**EXERCISE DIRECTIONS:** Word for word, reproduce every record in the listing below.

**PROVIDED RECORDS:**
###
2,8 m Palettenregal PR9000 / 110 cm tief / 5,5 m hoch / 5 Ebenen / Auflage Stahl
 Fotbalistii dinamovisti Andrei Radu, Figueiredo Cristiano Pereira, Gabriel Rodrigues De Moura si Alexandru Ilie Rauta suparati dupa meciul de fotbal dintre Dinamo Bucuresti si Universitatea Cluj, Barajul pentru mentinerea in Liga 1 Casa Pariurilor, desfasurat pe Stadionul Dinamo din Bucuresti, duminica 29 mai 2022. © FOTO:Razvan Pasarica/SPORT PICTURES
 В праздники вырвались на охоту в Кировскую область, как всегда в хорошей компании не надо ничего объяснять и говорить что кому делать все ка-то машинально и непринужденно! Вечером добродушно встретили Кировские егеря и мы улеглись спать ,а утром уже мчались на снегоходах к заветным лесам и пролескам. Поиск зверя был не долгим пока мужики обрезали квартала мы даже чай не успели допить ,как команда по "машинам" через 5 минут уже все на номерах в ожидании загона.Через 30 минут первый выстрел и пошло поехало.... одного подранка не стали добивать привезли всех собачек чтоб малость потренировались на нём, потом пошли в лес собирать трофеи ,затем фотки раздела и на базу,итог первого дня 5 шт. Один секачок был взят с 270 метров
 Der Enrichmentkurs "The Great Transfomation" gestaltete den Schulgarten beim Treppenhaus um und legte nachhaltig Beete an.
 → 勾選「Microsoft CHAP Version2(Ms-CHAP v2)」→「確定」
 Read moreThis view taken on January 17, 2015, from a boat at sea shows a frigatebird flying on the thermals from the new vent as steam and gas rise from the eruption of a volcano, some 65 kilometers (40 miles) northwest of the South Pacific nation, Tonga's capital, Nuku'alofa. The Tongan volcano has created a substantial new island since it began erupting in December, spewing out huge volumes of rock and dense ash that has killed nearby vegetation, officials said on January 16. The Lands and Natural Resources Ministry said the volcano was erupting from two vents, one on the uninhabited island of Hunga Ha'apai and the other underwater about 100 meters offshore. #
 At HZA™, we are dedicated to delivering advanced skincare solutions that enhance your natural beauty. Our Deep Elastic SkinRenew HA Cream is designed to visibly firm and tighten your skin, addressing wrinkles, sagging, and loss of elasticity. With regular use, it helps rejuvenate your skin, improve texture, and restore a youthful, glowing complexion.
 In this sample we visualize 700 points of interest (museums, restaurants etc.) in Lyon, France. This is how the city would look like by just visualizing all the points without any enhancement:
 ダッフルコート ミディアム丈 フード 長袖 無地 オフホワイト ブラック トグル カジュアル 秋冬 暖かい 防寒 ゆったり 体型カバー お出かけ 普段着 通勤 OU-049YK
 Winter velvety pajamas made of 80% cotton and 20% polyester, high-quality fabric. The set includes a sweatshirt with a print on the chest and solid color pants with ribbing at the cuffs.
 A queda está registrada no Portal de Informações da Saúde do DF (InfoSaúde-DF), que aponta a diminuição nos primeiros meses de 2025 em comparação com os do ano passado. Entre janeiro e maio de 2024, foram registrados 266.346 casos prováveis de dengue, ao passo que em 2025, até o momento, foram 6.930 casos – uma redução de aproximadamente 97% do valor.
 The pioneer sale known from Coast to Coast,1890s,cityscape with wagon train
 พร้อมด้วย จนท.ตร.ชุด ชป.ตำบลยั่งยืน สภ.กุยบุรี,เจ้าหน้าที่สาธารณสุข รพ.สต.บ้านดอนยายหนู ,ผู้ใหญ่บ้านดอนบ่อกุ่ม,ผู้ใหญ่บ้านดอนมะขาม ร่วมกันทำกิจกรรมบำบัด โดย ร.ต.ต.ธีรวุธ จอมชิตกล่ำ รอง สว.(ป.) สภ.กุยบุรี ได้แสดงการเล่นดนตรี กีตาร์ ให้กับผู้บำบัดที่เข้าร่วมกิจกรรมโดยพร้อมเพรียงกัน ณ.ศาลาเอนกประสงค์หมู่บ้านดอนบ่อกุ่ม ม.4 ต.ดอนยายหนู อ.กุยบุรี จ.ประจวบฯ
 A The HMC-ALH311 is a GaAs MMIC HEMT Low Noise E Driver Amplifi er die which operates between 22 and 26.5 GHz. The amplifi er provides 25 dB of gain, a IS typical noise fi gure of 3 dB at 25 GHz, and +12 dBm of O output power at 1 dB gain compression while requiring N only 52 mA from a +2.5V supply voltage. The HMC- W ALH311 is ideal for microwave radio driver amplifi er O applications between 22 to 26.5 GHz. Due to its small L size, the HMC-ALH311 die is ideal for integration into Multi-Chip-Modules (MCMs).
###
**WRITTEN RESPONSE:**
2,8 m Palettenregal PR9000 / 110 cm tief / 5,5 m hoch / 5 Ebenen / Auflage Stahl
 Fotbalistii dinamovisti Andrei Radu, Figueiredo Cristiano Pereira, Gabriel Rodrigues De Moura si Alexandru Ilie Rauta suparati dupa meciul de fotbal dintre Dinamo Bucuresti si Universitatea Cluj, Barajul pentru mentinerea in Liga 1 Casa Pariurilor, desfasurat pe Stadionul Dinamo din Bucuresti, duminica 29 mai 2022. © FOTO:Razvan Pasarica/SPORT PICTURES
 В праздники вырвались на охоту в Кировскую область, как всегда в хорошей компании не надо ничего объяснять и говорить что кому делать все ка-то машинально и непринужденно! Вечером добродушно встретили Кировские егеря и мы улеглись спать ,а утром уже мчались на снегоходах к заветным лесам и пролескам. Поиск зверя был не долгим пока мужики обрезали квартала мы даже чай не успели допить ,как команда по "машинам" через 5 минут уже все на номерах в ожидании загона.Через 30 минут первый выстрел и пошло поехало.... одного подранка не стали добивать привезли всех собачек чтоб малость потренировались на нём, потом пошли в лес собирать трофеи ,затем фотки раздела и на базу,итог первого дня 5 шт. Один секачок был взят с 270 метров
 Der Enrichmentkurs "The Great Transfomation" gestaltete den Schulgarten beim Treppenhaus um und legte nachhaltig Beete an.
 → 勾選「Microsoft CHAP Version2(Ms-CHAP v2)」→「確定」
 Read moreThis view taken on January 17, 2015, from a boat at sea shows a frigatebird flying on the thermals from the new vent as steam and gas rise from the eruption of a volcano, some 65 kilometers (40 miles) northwest of the South Pacific nation, Tonga's capital, Nuku'alofa. The Tongan volcano has created a substantial new island since it began erupting in December, spewing out huge volumes of rock and dense ash that has killed nearby vegetation, officials said on January 16. The Lands and Natural Resources Ministry said the volcano was erupting from two vents, one on the uninhabited island of Hunga Ha'apai and the other underwater about 100 meters offshore. #
 At HZA™, we are dedicated to delivering advanced skincare solutions that enhance your natural beauty. Our Deep Elastic SkinRenew HA Cream is designed to visibly firm and tighten your skin, addressing wrinkles, sagging, and loss of elasticity. With regular use, it helps rejuvenate your skin, improve texture, and restore a youthful, glowing complexion.
 In this sample we visualize 700 points of interest (museums, restaurants etc.) in Lyon, France. This is how the city would look like by just visualizing all the points without any enhancement:
 ダッフルコート ミディアム丈 フード 長袖 無地 オフホワイト ブラック トグル カジュアル 秋冬 暖かい 防寒 ゆったり 体型カバー お出かけ 普段着 通勤 OU-049YK
 Winter velvety pajamas made of 80% cotton and 20% polyester, high-quality fabric. The set includes a sweatshirt with a print on the chest and solid color pants with ribbing at the cuffs.
 A queda está registrada no Portal de Informações da Saúde do DF (InfoSaúde-DF), que aponta a diminuição nos primeiros meses de 2025 em comparação com os do ano passado. Entre janeiro e maio de 2024, foram registrados 266.346 casos prováveis de dengue, ao passo que em 2025, até o momento, foram 6.930 casos – uma redução de aproximadamente 97% do valor.
 The pioneer sale known from Coast to Coast,1890s,cityscape with wagon train
 พร้อมด้วย จนท.ตร.ชุด ชป.ตำบลยั่งยืน สภ.กุยบุรี,เจ้าหน้าที่สาธารณสุข รพ.สต.บ้านดอนยายหนู ,ผู้ใหญ่บ้านดอนบ่อกุ่ม,ผู้ใหญ่บ้านดอนมะขาม ร่วมกันทำกิจกรรมบำบัด โดย ร.ต.ต.ธีรวุธ จอมชิตกล่ำ รอง สว.(ป.) สภ.กุยบุรี ได้แสดงการเล่นดนตรี กีตาร์ ให้กับผู้บำบัดที่เข้าร่วมกิจกรรมโดยพร้อมเพรียงกัน ณ.ศาลาเอนกประสงค์หมู่บ้านดอนบ่อกุ่ม ม.4 ต.ดอนยายหนู อ.กุยบุรี จ.ประจวบฯ
 A The HMC-ALH311 is a GaAs MMIC HEMT Low Noise E Driver Amplifi er die which operates between 22 and 26.5 GHz. The amplifi er provides 25 dB of gain, a IS typical noise fi gure of 3 dB at 25 GHz, and +12 dBm of O output power at 1 dB gain compression while requiring N only 52 mA from a +2.5V supply voltage. The HMC- W ALH311 is ideal for microwave radio driver amplifi er O applications between 22 to 26.5 GHz. Due to its small L size, the HMC-ALH311 die is ideal for integration into Multi-Chip-Modules (MCMs).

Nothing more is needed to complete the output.